Focus On The Life You Have Left -- Take a Risk and Bend the Rules
Name: Jaime Filer
“Living is so much better if you don’t forget you’re dying, because then you can take a risk and bend some rules; you know?”
I watched the movie Blackbird on a plane ride to Phoenix last week. The premise is that Susan Sarandon has ALS, and she’s picked a date for her husband to administer a lethal injection – in order for her not to live with the symptoms of Lou Gehrig’s disease as it progresses. When her kids asked their dad why he was OK with what she was doing, he said, ‘Because it means a life of being hooked up to machines, never being able to walk again, being fed by a tube…” Now that line hit me in the stomach, and it’s because my personal feelings about the movie are biased. I’m not here to debate, but my dad lived with ALS for 19 years. He lived a successful, productive, life filled with happiness and love. He went to work two days a week (Ontario Superior Court) until we was unable – and once it became too much, he worked from home whenever he wanted (he was doing it before it was cool). The character in the movie didn’t want to be “locked in a body”, but that was her perspective! My dad didn’t view his illness as debilitating – He saw it as an opportunity to be an advocate for people with disabilities, a light to people who needed hope, and a damn good father and husband. His mind never suffered, even if it took him a little longer to communicate using different devices (as technology progressed so did his devices). I would rather have a dad that took longer to ’speak’ than not speak at all. It was the most inspiring, motivating, empowering feeling in the world to have a real life super hero who didn’t have it in him to give up or give in. If he could be faced with death every single day and say, “Not today.” Then how could I grow up believe that anything was impossible?
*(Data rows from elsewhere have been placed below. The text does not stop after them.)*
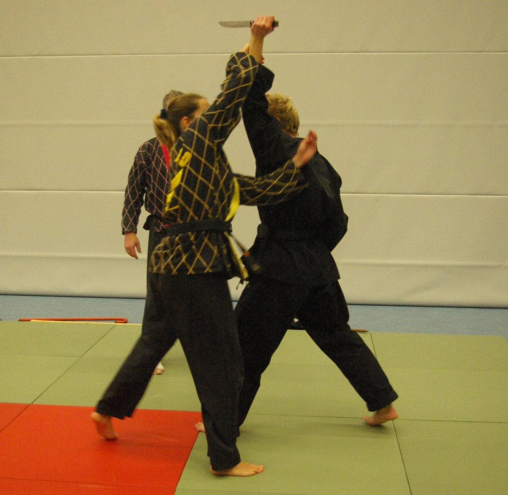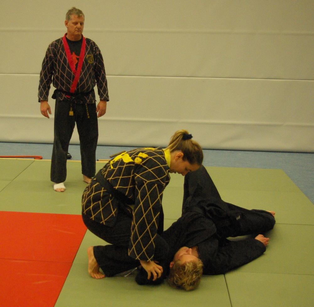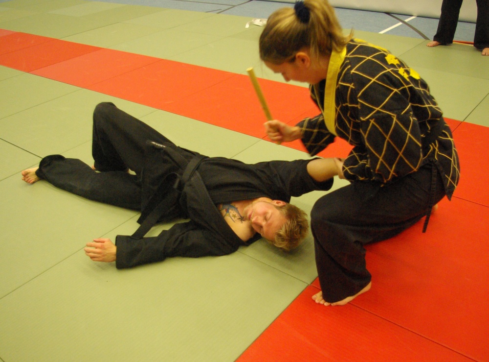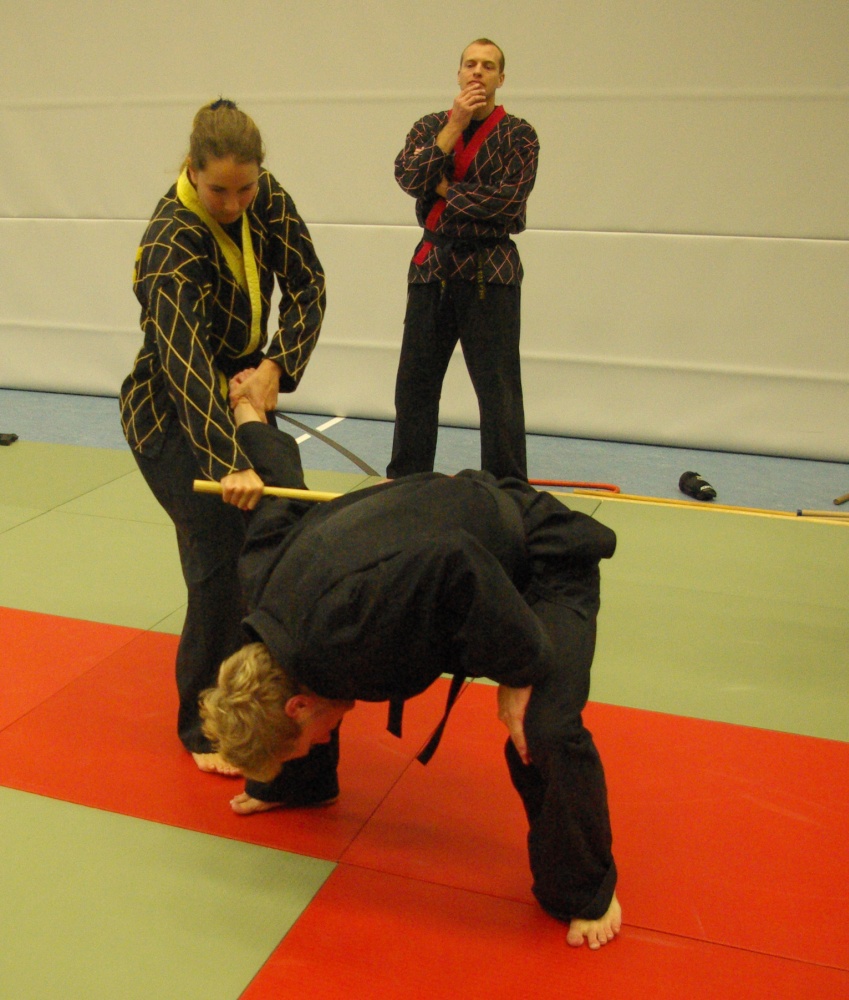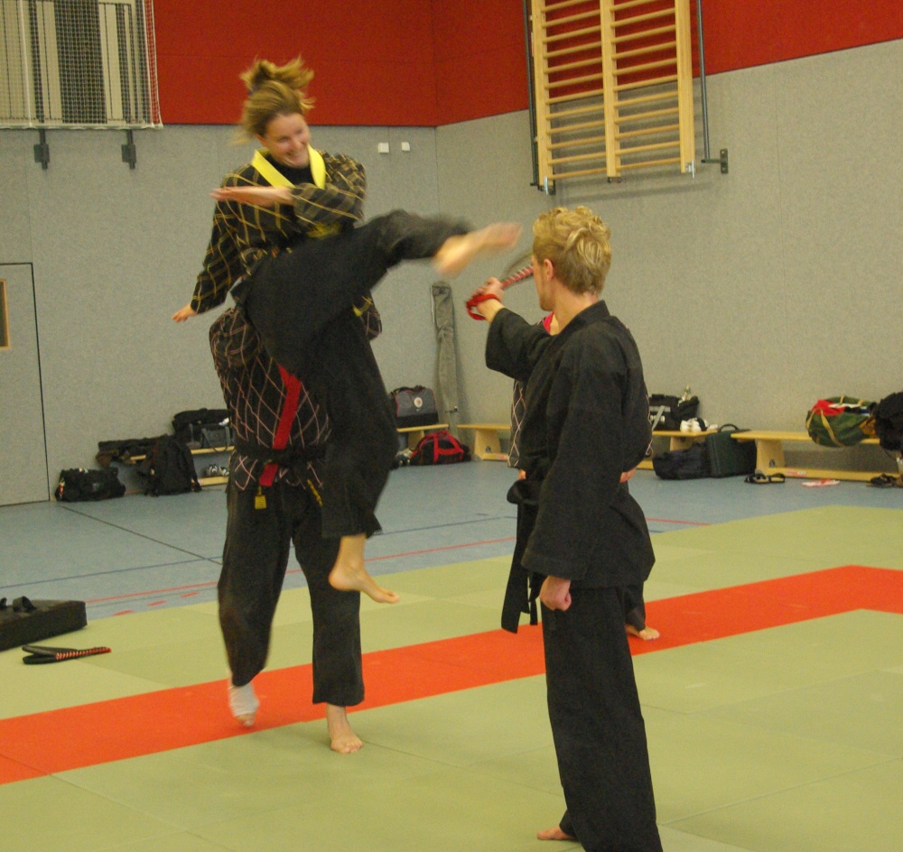 Da in der Nacht zum Sonntag die Uhren auf Winterzeit umgestellt wurden, hatten die Teilnehmer morgens eine Stunde mehr Ruhe, um sich auf den bevorstehenden Trainingstag vorzubereiten. Schwerpunkt waren an diesem Tage die Techniken für den jeweils angestrebten Dangrad. Die Begutachtung der gesprungenen Fußtechniken fiel recht zuversichtlich aus und bewies den bereits erworbenen guten Trainingsstand der Kandidaten. Bei den Handtechniken widmete sich Franz-Josef Wolf, speziell in den Messerabwehrtechniken, den Aspiranten für den ersten Dan. Hierbei wurde jede Technik noch einmal gründlich auseinandergelegt und ihre Prinzipien erläutert. Auch wenn manche Bewerber feststellen mussten, dass sie noch Verbesserungsbedarf hatten, war ja gerade dies Zielsetzung des Lehrgangs, Feinschliff zu bekommen, um die letzten Wochen bis zur Prüfung noch einmal optimiert trainieren zu können. Nicht zuletzt erhielten aber auch die Kandidaten für die anderen Dangrade wertvolle Tipps und fachmännische Hilfe für ihre Techniken.
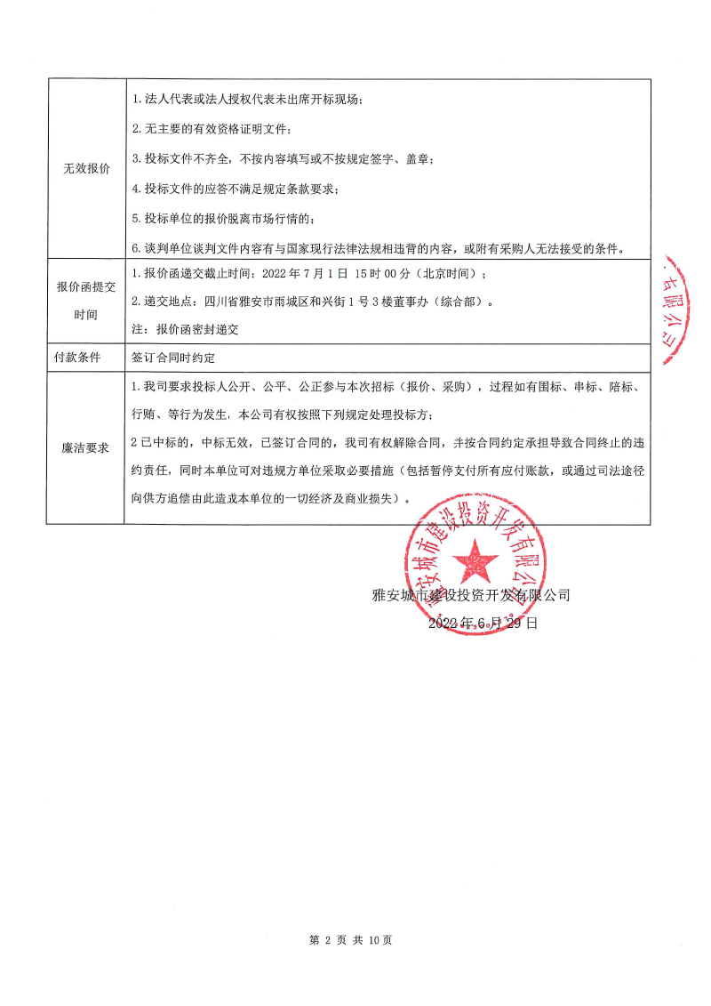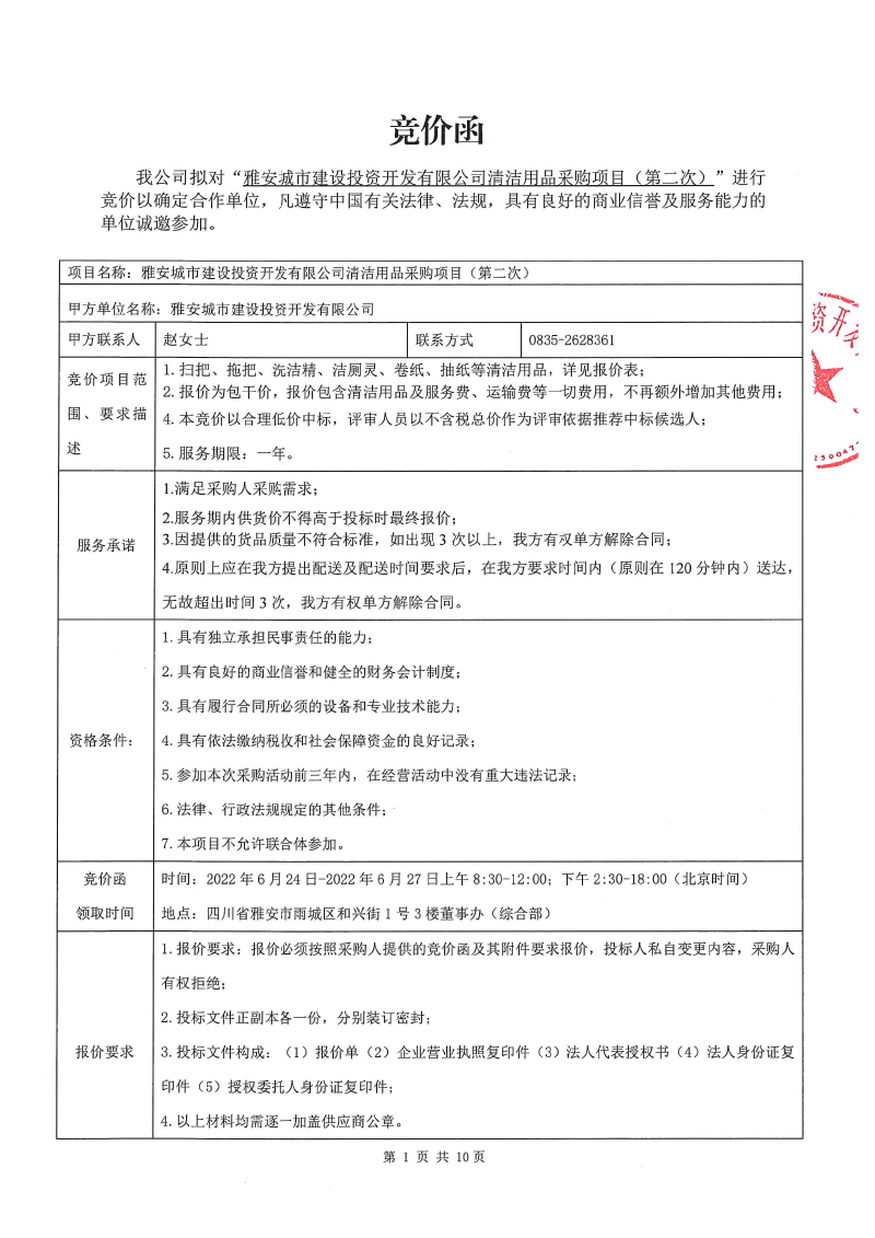 雅安城市建設(shè)投資開發(fā)有限公司 清潔用品采購項(xiàng)目(第二次)競價公告
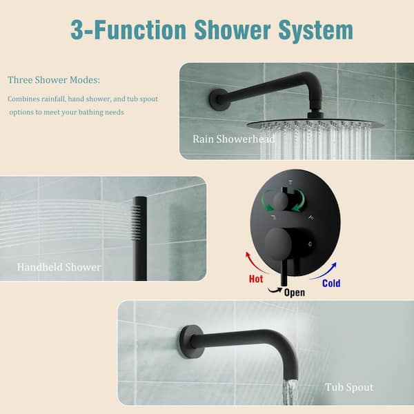 2 Handle 2-Spray Tub and Shower Faucet 2.5 GPM in Matte Black with 10 in. Rain Shower Head, Pressure Balance
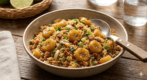 A farofa de banana é uma verdadeira explosão de sabores, unindo o doce natural da banana à crocância da farinha de mandioca tostada. É o acompanhamento perfeito para dar um toque especial a qualquer refeição, desde um almoço rápido até um churrasco de domingo.
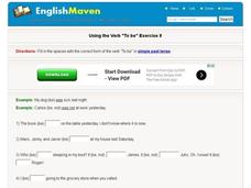 In this using the verb "to be" activity, middle schoolers use the correct form of the verb "to be" in the simple present tense. Students complete 10 sentences.
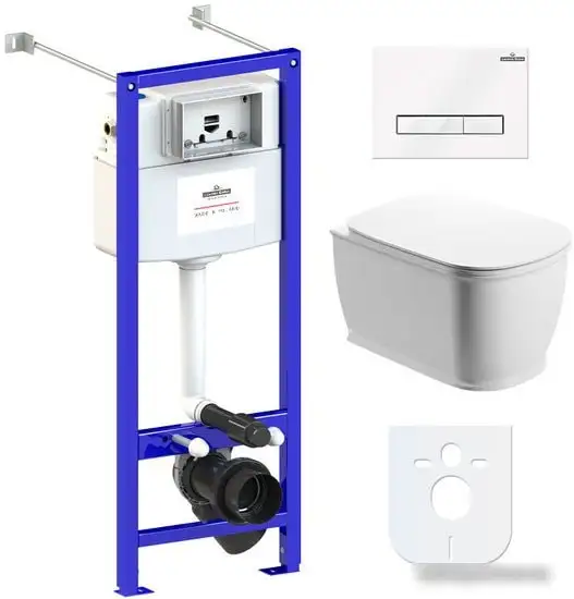 подвесной, без бачка, задний подвод воды, горизонтальный выпуск, двухрежимный слив, с сиденьем

There are always solutions if you want them. If you’re willing to look for them. If you’re ready to EMBRACE them.
Sam Filer and Susan Sarandon’s character had something in common; they both had the same take on the fragility and impermanence of life once they were faced with death. My dad used to say all the time, ‘Rather than curse the darkness, light a candle.” He taught me that the sooner you stop worrying about death, the sooner you can start focusing on the life you have left. He demonstrated that every single day is a gift, not to be taken for granted. I’m grateful that my dad was willing to be put on a ventilator, be tube fed, use a wheelchair and devices to assist his speech … because it meant I got a Dad for as long as I did. I’m grateful he chose life.